As the book ends (for the second time…) the 39 year old Terray is trapped in an avalanche on the Fresnay Glacier. His client has been killed, and Terray finds himself five metres down a crevasse trapped underneath large blocks of ice. Using a pocket knife and his piton hammer he manages to carve his way free. For another writer this could make a chapter on its own – or even, in the style of Aron Ralston and the boulder in his Utah canyon, a whole book. For Terray, it all takes place in a single paragraph.

Si vraiment aucune pierre, aucun sérac, aucune crevasse ne m'attend quelque part dans le monde pour arrêter ma course, un jour viendra où, vieux et las, je saurai trouver la paix parmi les animaux et les fleurs. Le cercle sera fermé, enfin je serais le simple pâtre qu'enfant je rêvais de devenir.

"And if truly no stone, no tower of ice, no crevasse lies somewhere in wait for me, the day will come when, old and tired, I find peace among the animals and flowers. At last I shall be the simple shepherd I dreamed of as a child.."

But the man's like Beethoven: he just doesn't know how to stop. In a postscript added in 1962, he's leading three major expeditions on two continents in a single year: Jannu, Chacraraju's east peak, and Nilgiri – as well as knocking off 'Conquistadors of the Useless'.

"It is possible to climb hard for twenty or thirty years," says Terray, "and still die of old age. The hardest part is to survive the first four or five years." But if he was going to join the flowers: it was only from underneath.
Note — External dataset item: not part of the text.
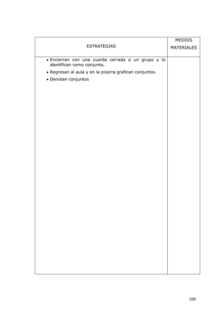 Este documento presenta la planificación de 6 sesiones de aprendizaje de una semana para un tercer grado. Cada sesión incluye estrategias, medios y materiales para actividades como canciones, cuentos, ejercicios sobre conjuntos matemáticos y normas de convivencia. El objetivo general es que los estudiantes se reencuentren con alegría después de las vacaciones.

He died in 1965 on a rock climb "Fissure en Arc de Cercle" (TD+; 6b+) on Le Gerbier near his home town, Grenoble. He's buried at Chamonix.

17 Nov, 2022

Suprised there's no mention of how good the translation is. Has Lachenal's Carnets du vertige been published in English ? Another point of view to many of the same events.

17 Nov, 2022

Very pleased to see this book highlighted, I read it as an impressionable newbie loaned out from the local library and it made a big impression. A nice counterpoint to the WH Murray my group was knee deep in at the time. Happy to see it republished (what would we do without the excellent Vertebrate Squadra?) and it worked second time around. Just the title alone is genius.

17 Nov, 2022

One of my favourites. Lots of interesting background, his time at the boarding school in Villar de Lans and other early influences, some of the friends he makes over his climbing life. There is a lot here besides the early ascents of major North Faces. And of course all told in a very different style to Rebuffat. It must have so good to be at the forefront of Alpine mountaineering in the 50's. For me, one of the all time classics!

17 Nov, 2022

I really enjoyed the book, especially as it was more than just the climbing. I have given up on some books that seem to focus too much on the specifics of climbing each route they mention.

17 Nov, 2022

It's a long time since I read it, but my memory was of loads of freezing cold bivvies!